Solution. Let's assume the measures of the angles of the given quadrilateral be 3p, 5p, 6p and 4p respectively.

As we know sum of angles of a quadrilateral is 360°.

3p + 5p + 6p + 4p = 360

=> 18p = 360

=> p = 20

First angle = 3p = 3 × 20 = 60°

Second angle = 5p = 5 × 20 =100°

Third angle = 6p = 6 × 20 = 120°

Fourth angle = 4p = 4 × 20 = 80°

Example 3. Three angles of a quadrilateral are in the ratio 2 : 5 : 7. If the fourth angle measures 80°, then find the other three angles of the quadrilateral.

Solution. Let's assume first angle is 2q, second angle is 5q and third angle is 7q.

As we know sum of angles of a quadrilateral is 360°.

2q + 5q + 7q + 80° = 360°

=> 14q + 80° = 360°

=> 14q = 360° − 80°

=> 14q = 280°

=> q = 20°

First angle = 2p = 2 × 20 = 40°

Second angle = 5p = 5 × 20 =100°

Third angle = 7p = 7 × 20 = 140°

Example 4. Two angles of a quadrilateral are 110° and 80° and the remaining two angles are equal. What is the measure of each of the equal angles?

Solution. Sum of given two angles = 110° + 80° = 190°

Sum of remaining two angles = 360° − 190° = 170°

We know both the remaining angles of the quadrilateral are equal.

So, each angles measures = 170°2

= 85°

So, both equal angles measure is equal to 85°.

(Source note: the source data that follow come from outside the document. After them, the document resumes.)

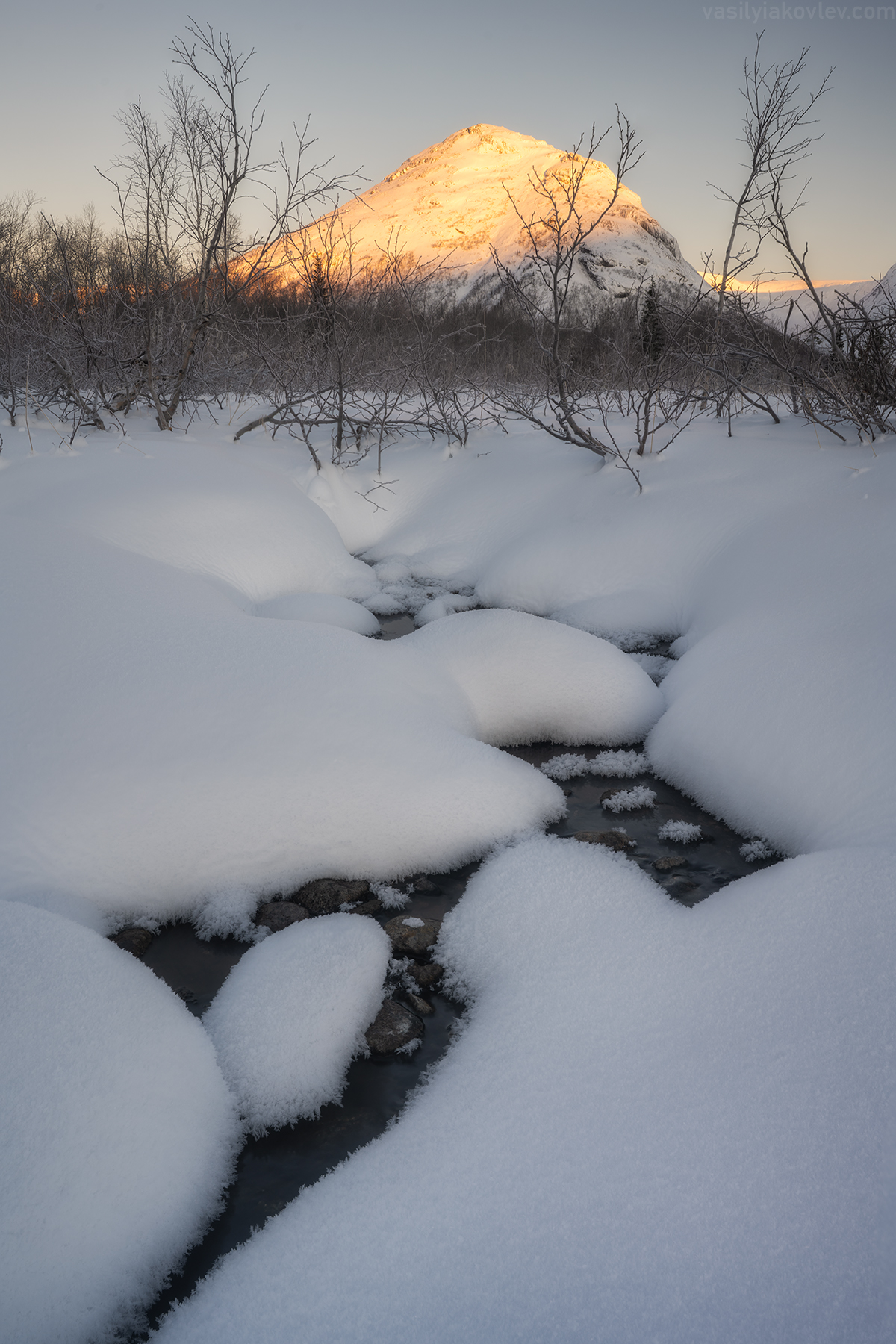 Спасибо за снимок — мощная зимняя сцена, где свет на вершине горы контрастирует с холодной тенью внизу, а ручей, пробивающийся сквозь снег, добавляет динамики. Очень выразительно передано ощущение первых морозов в Хибинах.
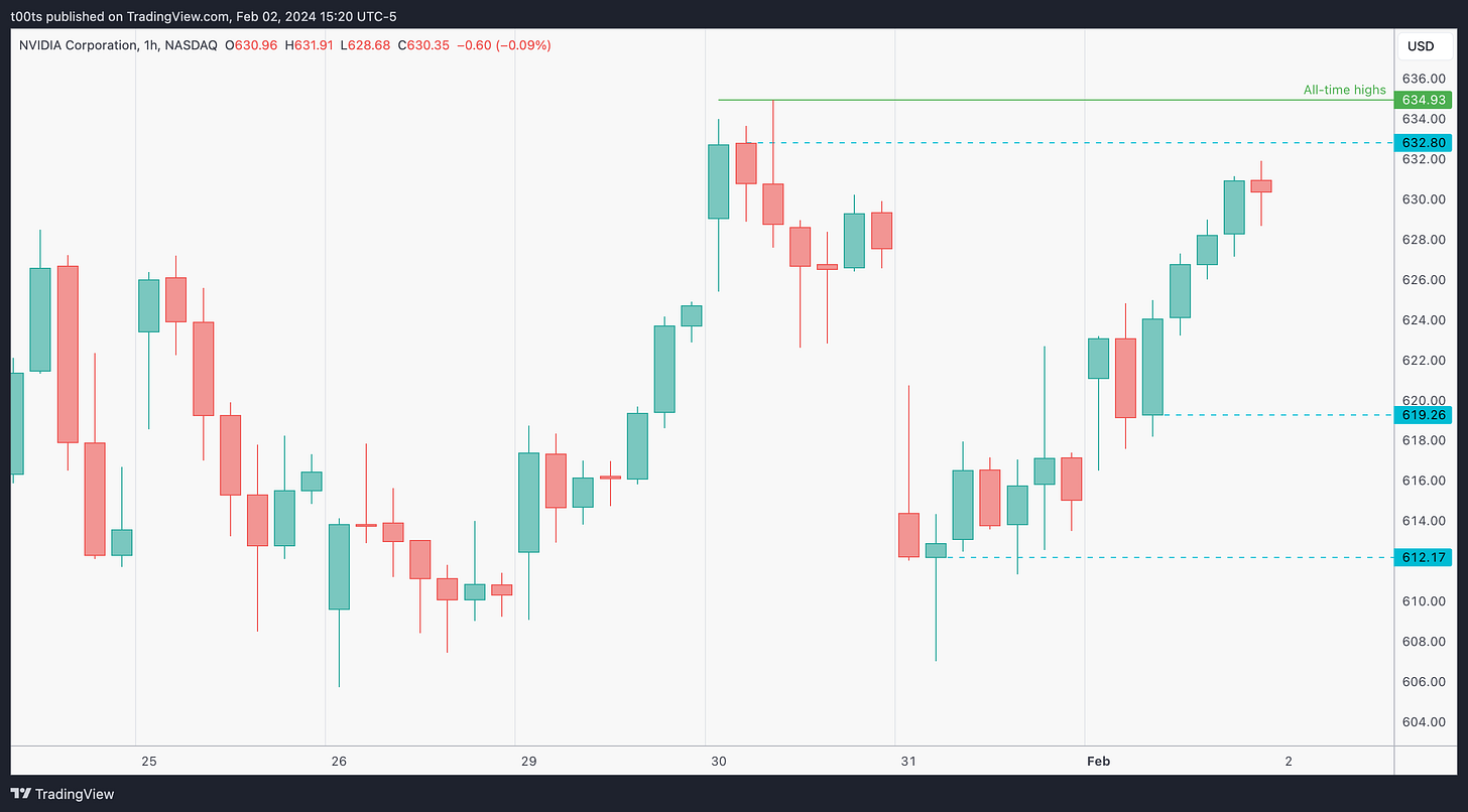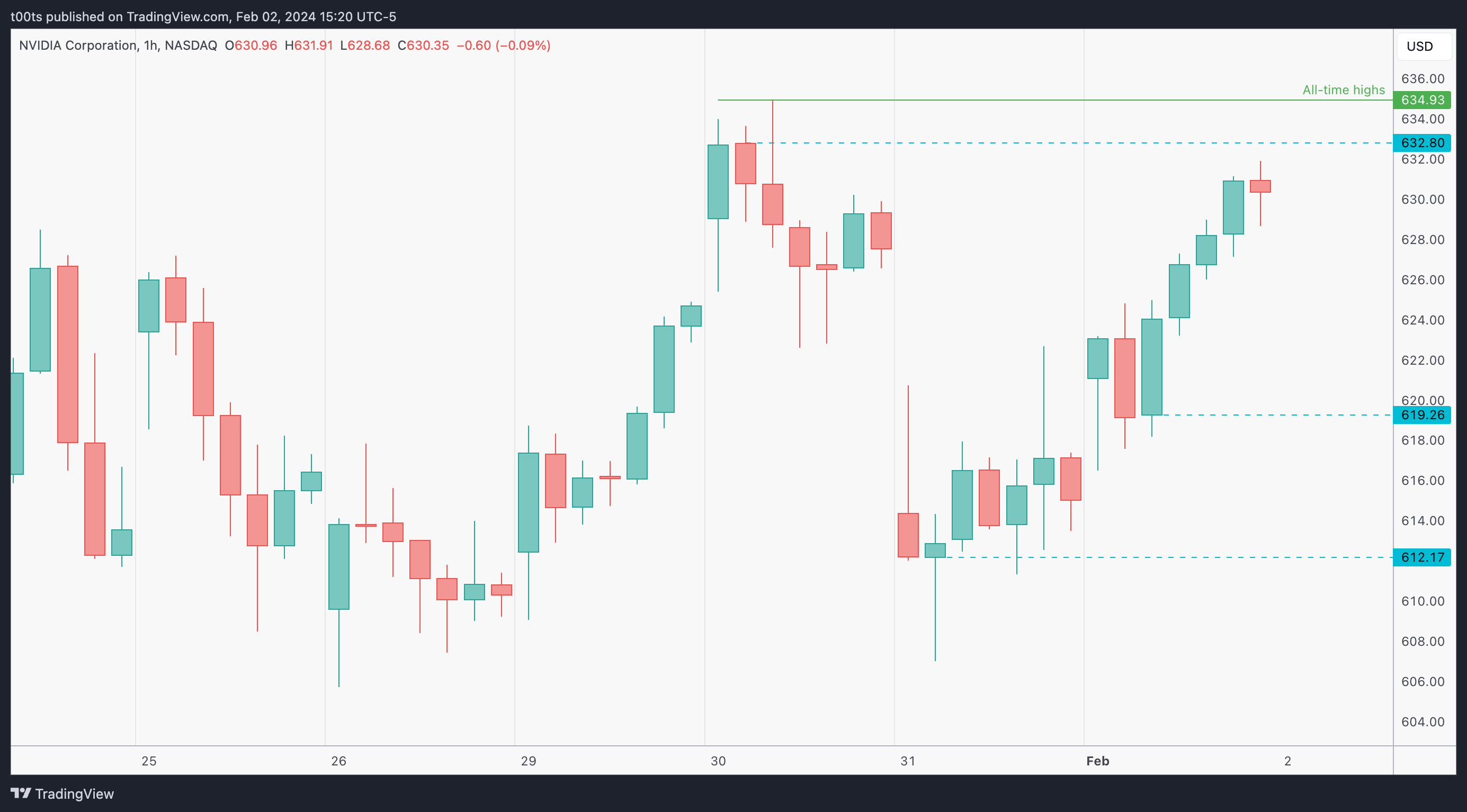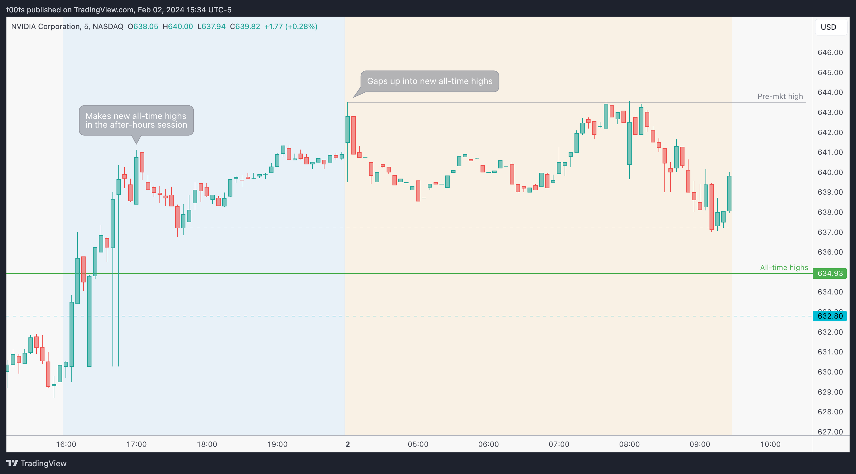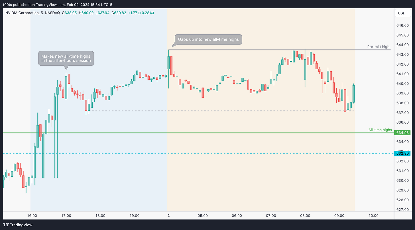Here's where things get interesting. Notice how the stock rallies in the after-hours session and makes new all-time highs. Despite other stocks supposedly having most of the attention given their earnings reports, Nvidia is still climbing to new highs on their announcements. Just like we saw with SMCI, when a stock makes a significant move in the after-hours session it's likely to be in many traders watchlists the following day.
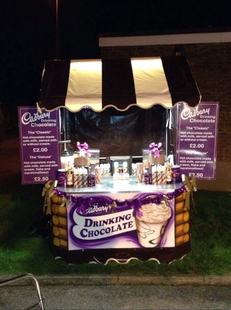 Steaming hot and topped with cream and marshmallows, Cadbury’s hot chocolate is what winter is all about. There’s nothing like cupping your cold hands around a hot chocolate on a chilly night, and nothing says chocolate quite like the Cadbury brand. Now you can bring the two together with this Cadbury branded professional hot chocolate stall, delivering delicious drinks for all your customers or guests. An essential addition to any outdoor festive event, this welcome bit of warmth is also great for fireworks displays, outdoor theatre productions and Christmas carol services. It’s the perfect complement to your other catering stalls, such as handmade gourmet burgers and authentic German sausages. The stall comes fully staffed with friendly choco-baristas who will create genuine Cadbury’s hot chocolate drinks using freshly steamed milk. There’s also an option for all the trimmings, including cream, flake and marshmallows. The cart can be set up almost anywhere and can be used as a complimentary refreshment stall, a paid service or a fundraiser for your charity cause. Whatever you hire it for, you can rest assured that all our catering equipment and staff come with full food hygiene certification to the very highest standards. To get your hands on a steaming mug of tasty hot chocolate, get in touch today for full details of our event catering services in Essex, Kent, London and nationwide.
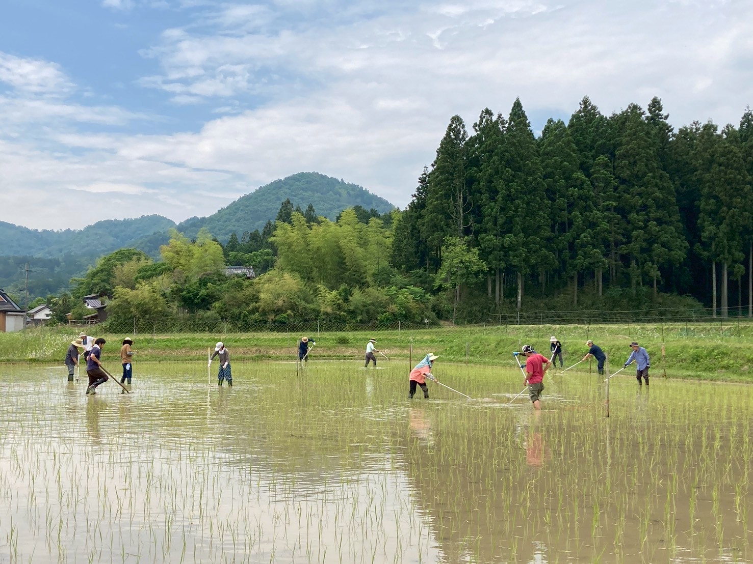 5月~9月までの間に園部町の田んぼで稲作体験や自然観察などの授業を計3回行います。
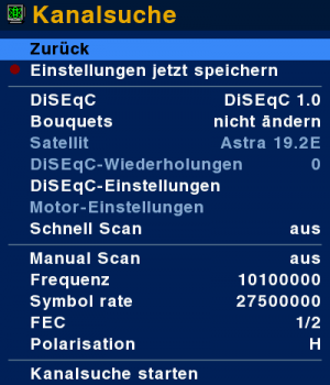Hinweis: Es ist empfehlenswert, die Option "Einstellungen jetzt speichern" zu betätigen, sobald neue Kanalsuche-Einstellungen getätigt wurden, für den Fall, dass ein Reset der DBox2 nötig sein sollte.
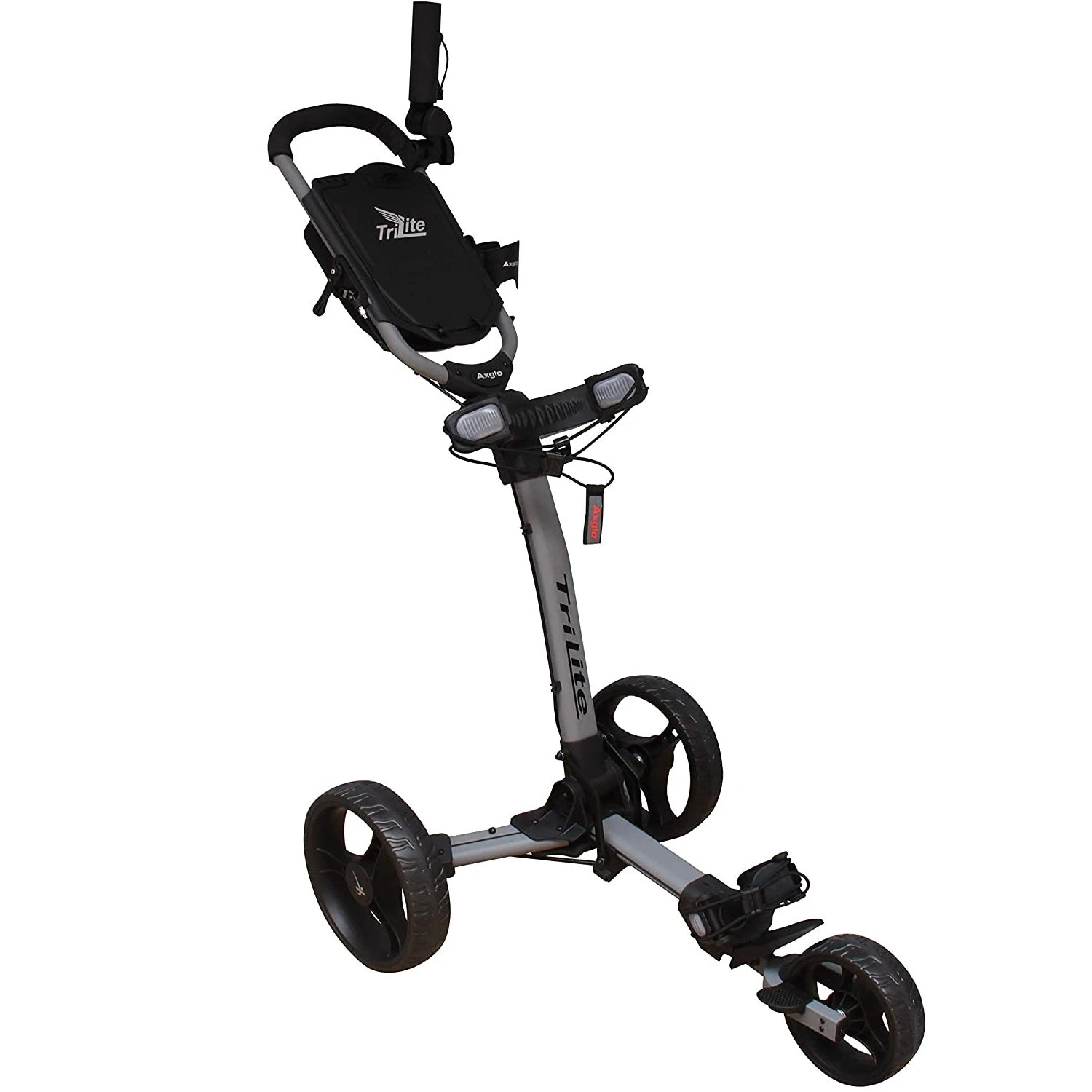 Light and smooth to push on the golf course, this push cart features a unique gliding system design that will simply help you transport your golf bag. Bag holding rack supports most golf bags of different sizes and has an adjustable bag strap to secure the golf bag.
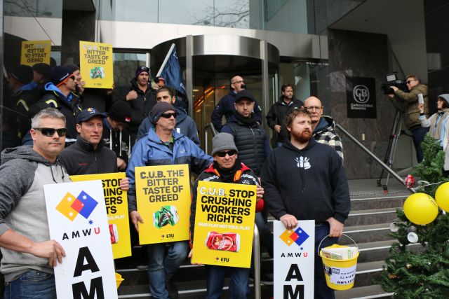 Workers at Carlton & United Breweries are showing what it takes to fight employer attacks and anti-worker laws. After having been sacked in June for refusing to accept a 65% pay cut (brought about through an act of sheer bastardry by management), the protest at the brewery's gates is growing and gathering support from across the country.
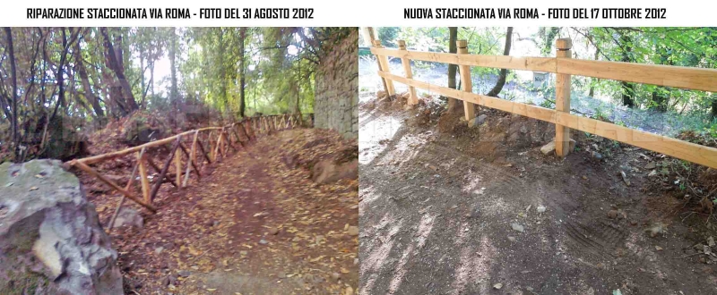• Nella riparazione ed in parte sostituzione della staccionata in pali di castagno posta a protezione della parte sinistra a salire di via Roma (foto allegata: RIPARAZIONE STACCIONATA e Nuova staccionata via Roma). Gli interventi hanno interessato circa il 20% del totale della staccionata. Nel primo tratto (20/30 metri) la staccionata è stata costruita ex novo con travetti di castagno squadrati fissati con viti ottonate: nel resto del tracciato sono stati sostituiti i paletti e le filagne più deteriorate;
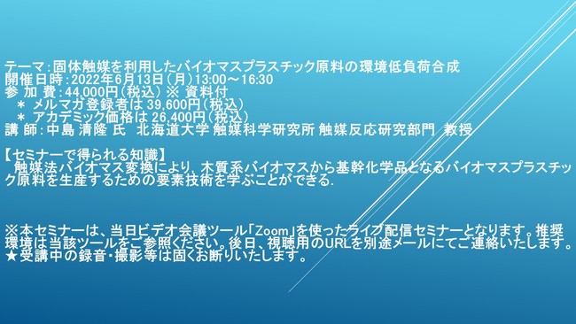 【ライブ配信セミナー】固体触媒を利用したバイオマスプラスチック原料の環境低負荷合成 6月13日(月)開催 主催:(株)シーエムシー・リサーチ
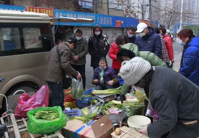 1月23日12时,湖北武汉汉口火车站附近一菜市场门口,一商户在售卖生鲜蔬菜。中青报·中青网记者 王嘉兴/摄
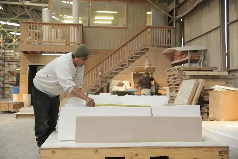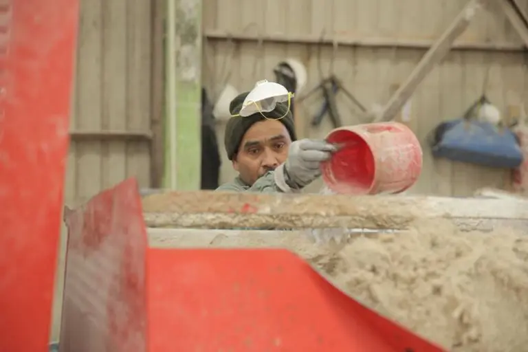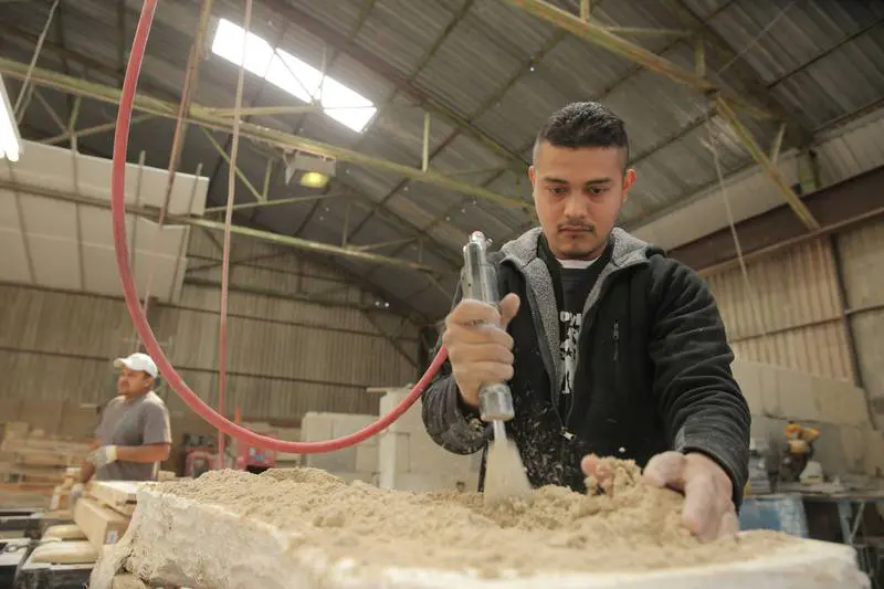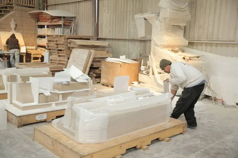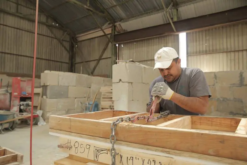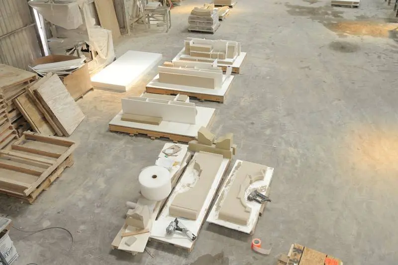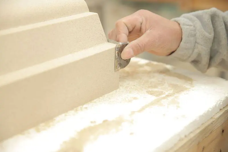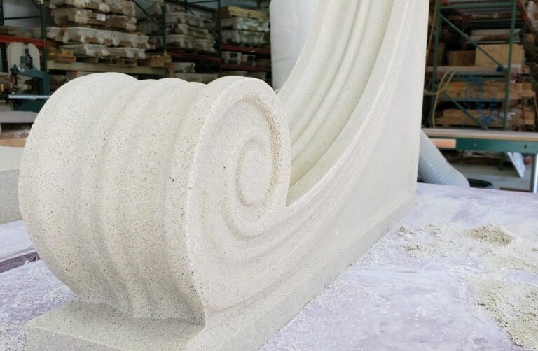 The process of making cast stone at Old World Stoneworks is a careful balance of tradition and technology. We start with a finely tuned cast stone mixture, which includes high-quality aggregates, cement, and natural pigments to ensure the finished product resembles natural stone in both texture and color. We then put this mixture into a mulling machine where it is mixed with water. This “forming” process produces a material that is as dense and durable as quarried limestone.

Example 5. Three angles of a quadrilateral are in the ratio 4 : 6 : 2. If the fourth angle is 120o, find the other three angles.

Solution. Let the three angles be 4a, 6a and 2a.

4a + 6a + 2a + 120° = 360°

=> 12a = 360° − 120°

=> 12a = 240°

=> a = 20°

So, the other three angles are 80°, 120° and 40°.